* [Task item]
An exact copy of the data is required; the images should not appear in it.

* [Information shown]
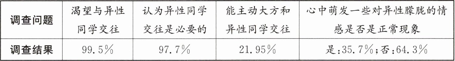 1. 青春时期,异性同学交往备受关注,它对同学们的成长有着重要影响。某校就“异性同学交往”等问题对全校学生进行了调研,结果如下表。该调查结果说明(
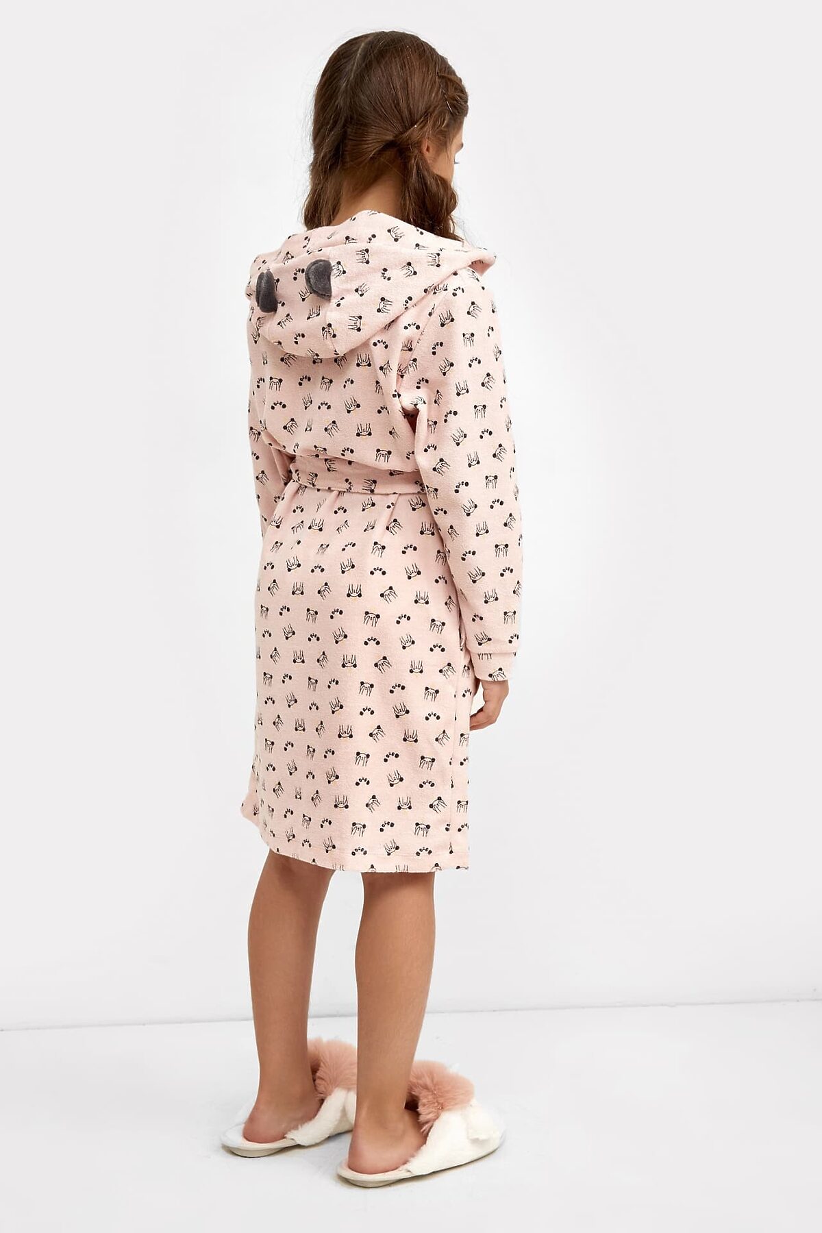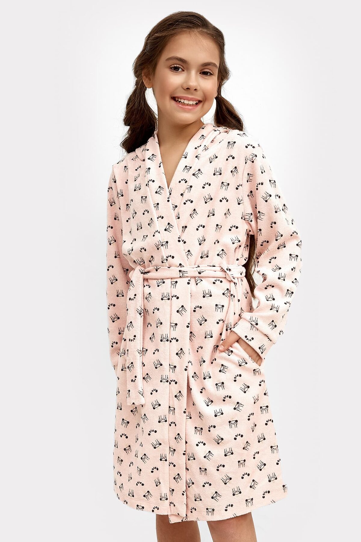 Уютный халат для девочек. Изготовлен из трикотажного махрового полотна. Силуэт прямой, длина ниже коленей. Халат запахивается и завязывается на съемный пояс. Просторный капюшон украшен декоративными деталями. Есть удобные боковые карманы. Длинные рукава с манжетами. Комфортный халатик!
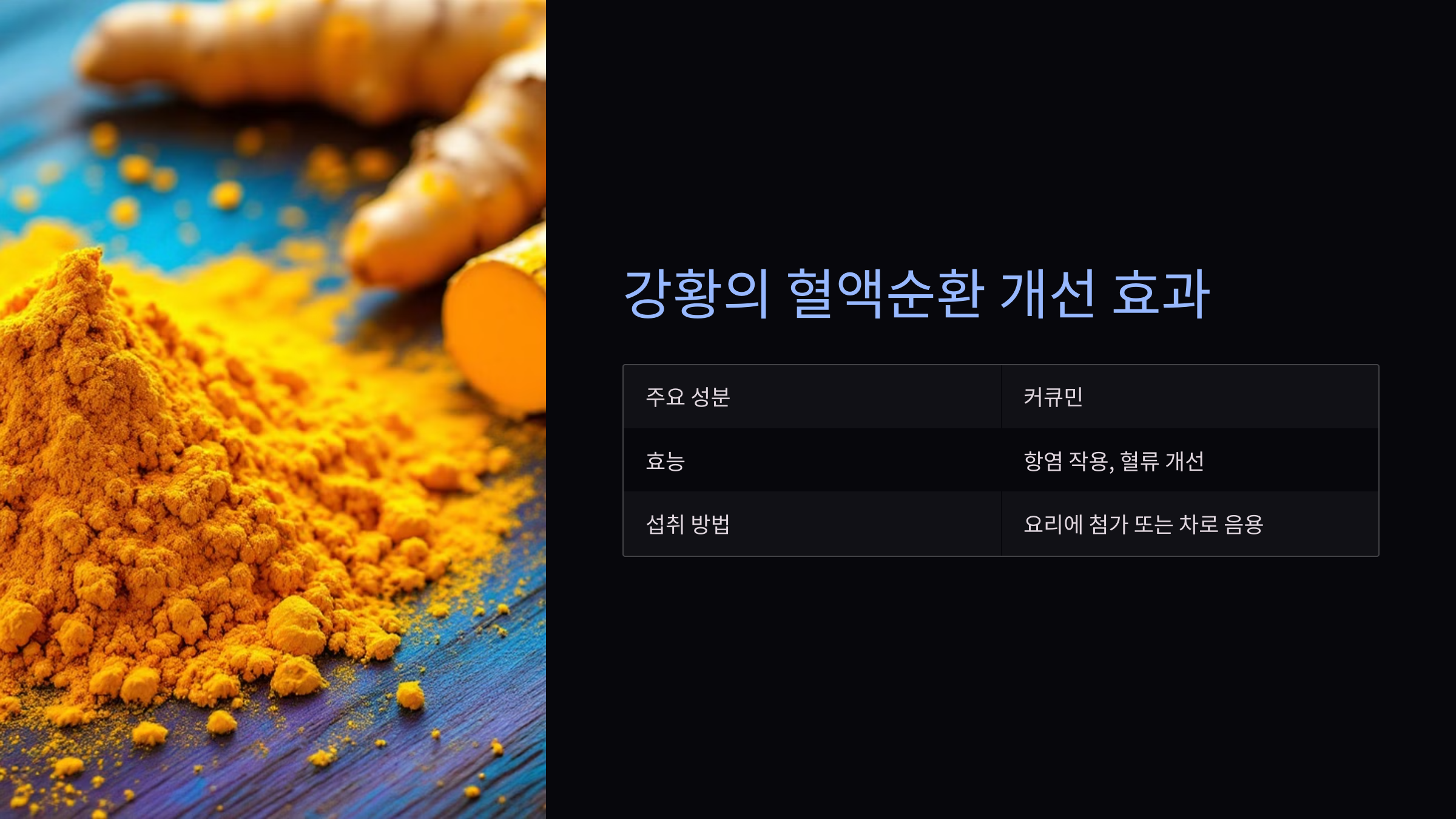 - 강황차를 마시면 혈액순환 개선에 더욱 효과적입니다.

* [Response below]
 1. 青春时期,异性同学交往备受关注,它对同学们的成长有着重要影响。某校就“异性同学交往”等问题对全校学生进行了调研,结果如下表。该调查结果说明(
 Уютный халат для девочек. Изготовлен из трикотажного махрового полотна. Силуэт прямой, длина ниже коленей. Халат запахивается и завязывается на съемный пояс. Просторный капюшон украшен декоративными деталями. Есть удобные боковые карманы. Длинные рукава с манжетами. Комфортный халатик!
 - 강황차를 마시면 혈액순환 개선에 더욱 효과적입니다.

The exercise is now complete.